Large Data Objects in Landmark
The Lawson database can now store large objects (LOBs) and large binary objects (BLOBs). The database can hold fields of up to 4 GB in size, when the data type is specified to be a BLOB or CLOB. The field size only takes up as much actual space as is used by the object.
BLOB data processing within Lawson is optimized for large movement of data. Because the BLOB data is retrieved by a different mechanism, the overhead of LOBS is eliminated with standard data retrieval.
For help in troubleshooting issues with LOBs, see the dblobsizes utility.

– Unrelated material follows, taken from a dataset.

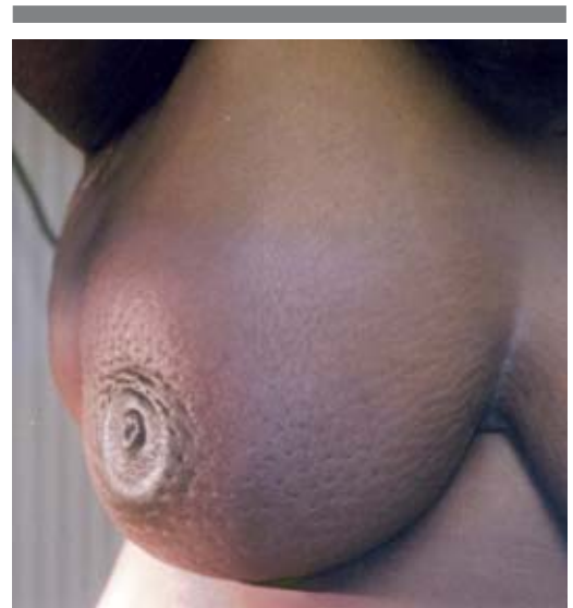
Note. This photo reveals the clinical characteristics of inflammatory breast cancer: erythema, edema, nipple flattening, and peau d'orange .

Inflammatory breast cancer is not associated with a particular histologic subtype (Giordano & Hortobagyi, 2003); however, it has distinct biologic characteristics that differentiate it from noninflammatory breast cancer. These tumors typically are high grade, aneuploid, and hormone receptor negative (Charafe-Jauffret et al., 2004; Giordano & Hortobagyi). Mutations in the p53 gene also are more likely to be present (Turpin et al., 2002). Overexpression of HER2/neu, epidermal growth factor receptors, and cathepsin D generally are present (Charafe-Jauffret et al.). Turpin et al. studied 161 patients with inflammatory breast cancer and found that HER2/neu overexpression was twice as frequent in inflammatory breast cancer as in noninflammatory tumors. In their retrospective chart analysis, Charafe-Jauffret et al. found that, along with three other variables (i.e., estrogen receptor negativity, MIB1 > 20, and mucin 1 cytoplasmic staining), HER2/neu

The following large object types are supported:
Lawson data type | Database data type | Description |
---|---|---|
Binary Document | BLOB |
This is a strongly-typed field used to store documents that are candidates for text indexing and searching (if the text search feature of the database is installed and enabled). Many formats are supported, including Word documents, RTF, PDF, HTML, or XML. The data in this field is stored as true binary. |
Binary Image | BLOB | This is the same field type as a binary document (BLOB), but this field cannot be text indexed, and therefore text searching cannot be enabled for this field. This could be a graphics, video, or audio file; for example, file formats of mpeg, jpeg, or wav. |
Text | CLOB | This is a large alpha field that is stored in the character set of the database. It can be indexed. |
lobspacename Considerations
Lawson recommends that BLOB data is stored out-of-line in a
separate filegroup, using the lobspacename
attribute
of dbspace
in the
dataarea.xml
file. This allows more rows per block during record
retrieval of normal data – when reading in data you only get
the physical data. It also prevents rotating (minimizes row chaining)
which can occur when you add data to a parameter length field. This
expands the row size and throws more records out of memory.
If you don’t specify a lobspacename
in
the
dataarea.xml
file, then
BLOB data will be stored in-line within the table. This will significantly
affect the performance of data retrieval.